*** ENTRIES PROVIDED Section Begins ***

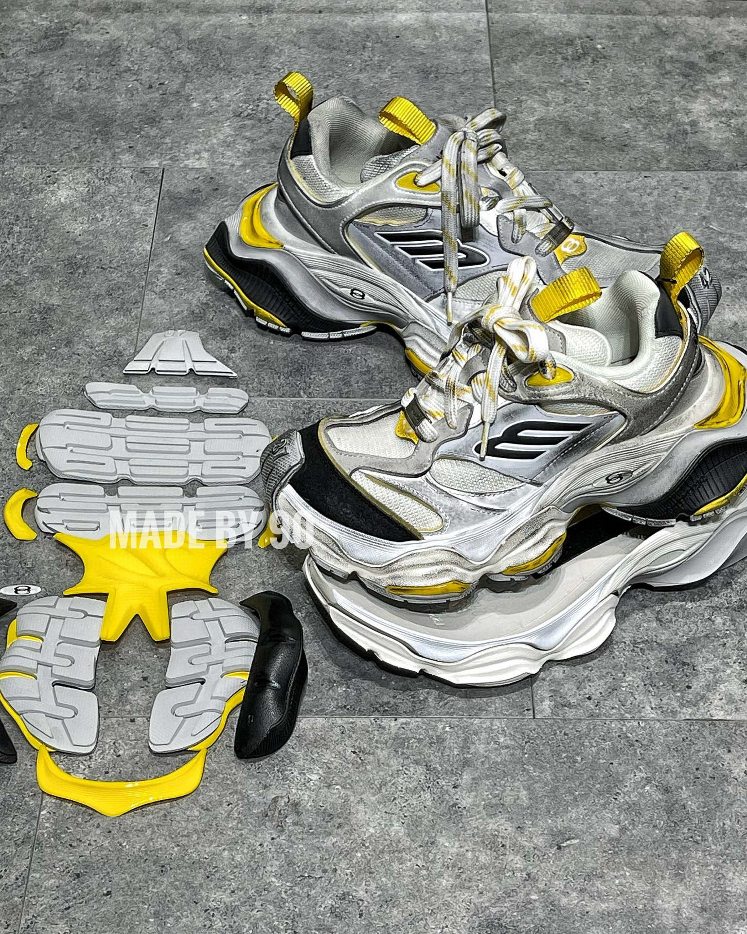 White, yellow and silver colour matching first shipment, the old process is completed by hand, the old degree of each shoe, the size and scope of the abrasion has a certain degree of variability, which is normal.
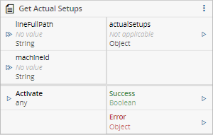 | actualSetups | Object | The actual setups of the specified machine. |
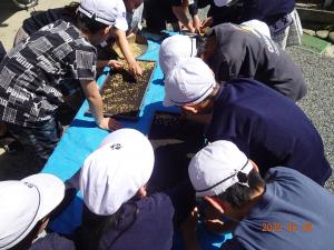 5月8日(木)に5年生が地域の農家さんにお世話になり、籾まき体験をしました。最初にやり方を教わったのですが、丁寧に説明してもらえるので、子どもたちも熱心に話を聞き、作業をすることができました。3つ班に分かれて籾を並べたのですが、どの班もすきまがないように、確認をしながら並べることができていました。いよいよ5年生のお米作りがスタートです。秋の収穫まで、農家さんにお世話になり、作業体験もしながら学習していきたいと思います。
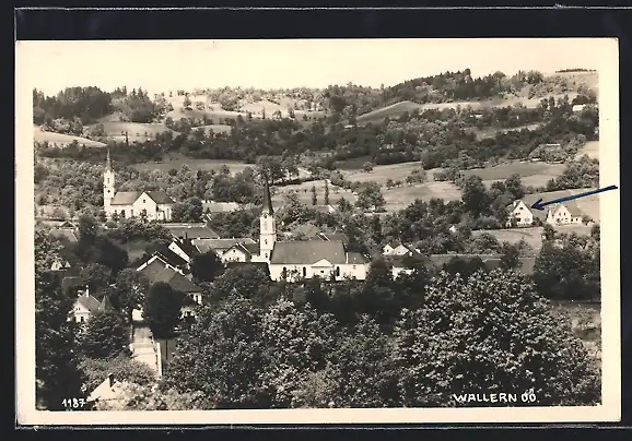 AK Wallern /O.-Ö., Ortspartie mit Kirche
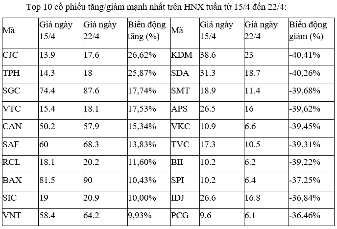 HNX-Index giảm 57,59 điểm (-13,8%), xuống 359,12 điểm. Giá trị giao dịch trên HNX đạt 12.746 tỷ đồng, tăng 38,9% so với tuần trước , khối lượng tăng 69,3% lên 531 triệu cổ phiếu.
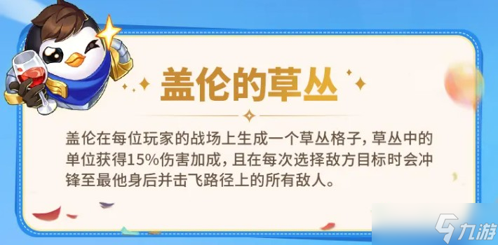 先从地区效果开始说。盖伦的草丛这个效果,会在每位玩家自己的战场上生成一格草丛,站在里面的棋子,打出的伤害提升15%。更重要的是,草丛里的单位攻击敌人时,会直接冲到对方身后,路上碰到的所有敌人都会被击飞。这个位移机制其实很有意思,配合高攻速或者范围伤害的棋子,战场空间可以利用得很充分,草丛格的落点值得好好想想。
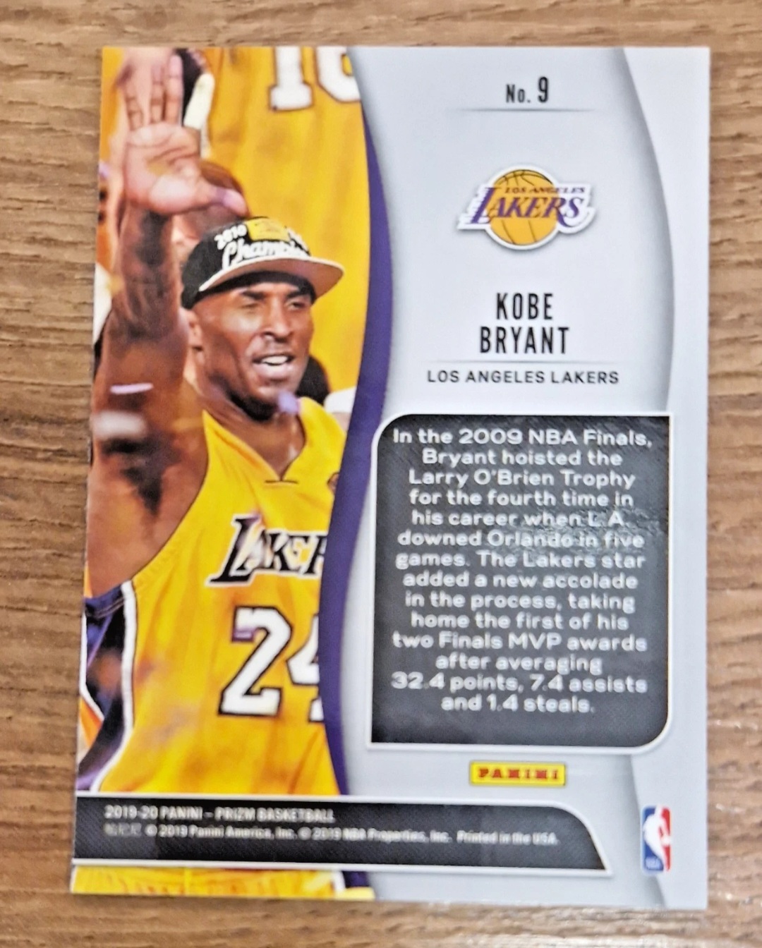Iconic Kobe Bryant NBA card from the Panini Prizm 2019/20 set, featuring a classic championship-era image of a true basketball legend.

*** ENTRIES PROVIDED Section Ends ***

Every record above should be written out again exactly; the pictures stay out of the copy.

EXERCISE RESPONSE:
 White, yellow and silver colour matching first shipment, the old process is completed by hand, the old degree of each shoe, the size and scope of the abrasion has a certain degree of variability, which is normal.
 | actualSetups | Object | The actual setups of the specified machine. |
 5月8日(木)に5年生が地域の農家さんにお世話になり、籾まき体験をしました。最初にやり方を教わったのですが、丁寧に説明してもらえるので、子どもたちも熱心に話を聞き、作業をすることができました。3つ班に分かれて籾を並べたのですが、どの班もすきまがないように、確認をしながら並べることができていました。いよいよ5年生のお米作りがスタートです。秋の収穫まで、農家さんにお世話になり、作業体験もしながら学習していきたいと思います。
 AK Wallern /O.-Ö., Ortspartie mit Kirche
 HNX-Index giảm 57,59 điểm (-13,8%), xuống 359,12 điểm. Giá trị giao dịch trên HNX đạt 12.746 tỷ đồng, tăng 38,9% so với tuần trước , khối lượng tăng 69,3% lên 531 triệu cổ phiếu.
 先从地区效果开始说。盖伦的草丛这个效果,会在每位玩家自己的战场上生成一格草丛,站在里面的棋子,打出的伤害提升15%。更重要的是,草丛里的单位攻击敌人时,会直接冲到对方身后,路上碰到的所有敌人都会被击飞。这个位移机制其实很有意思,配合高攻速或者范围伤害的棋子,战场空间可以利用得很充分,草丛格的落点值得好好想想。
Iconic Kobe Bryant NBA card from the Panini Prizm 2019/20 set, featuring a classic championship-era image of a true basketball legend.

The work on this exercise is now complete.